### EXERCISE BRIEF
Output only the stretch of the listing that starts at the line containing "For lunch, we" and ends at the line containing "1月12日,阳江市人力资源和", reproduced exactly with both ends.

### AVAILABLE DATA
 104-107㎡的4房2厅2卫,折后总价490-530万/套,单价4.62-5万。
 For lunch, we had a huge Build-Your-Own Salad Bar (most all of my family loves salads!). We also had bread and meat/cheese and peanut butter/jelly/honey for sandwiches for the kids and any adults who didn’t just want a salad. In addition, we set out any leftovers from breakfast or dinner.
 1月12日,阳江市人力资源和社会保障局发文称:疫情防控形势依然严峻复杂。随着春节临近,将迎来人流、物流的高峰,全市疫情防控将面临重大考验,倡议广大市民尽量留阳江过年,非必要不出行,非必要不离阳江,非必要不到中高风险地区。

* * *

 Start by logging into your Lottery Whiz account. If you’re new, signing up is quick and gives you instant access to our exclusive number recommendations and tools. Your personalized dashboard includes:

### WRITTEN SOLUTION
 For lunch, we had a huge Build-Your-Own Salad Bar (most all of my family loves salads!). We also had bread and meat/cheese and peanut butter/jelly/honey for sandwiches for the kids and any adults who didn’t just want a salad. In addition, we set out any leftovers from breakfast or dinner.
 1月12日,阳江市人力资源和社会保障局发文称:疫情防控形势依然严峻复杂。随着春节临近,将迎来人流、物流的高峰,全市疫情防控将面临重大考验,倡议广大市民尽量留阳江过年,非必要不出行,非必要不离阳江,非必要不到中高风险地区。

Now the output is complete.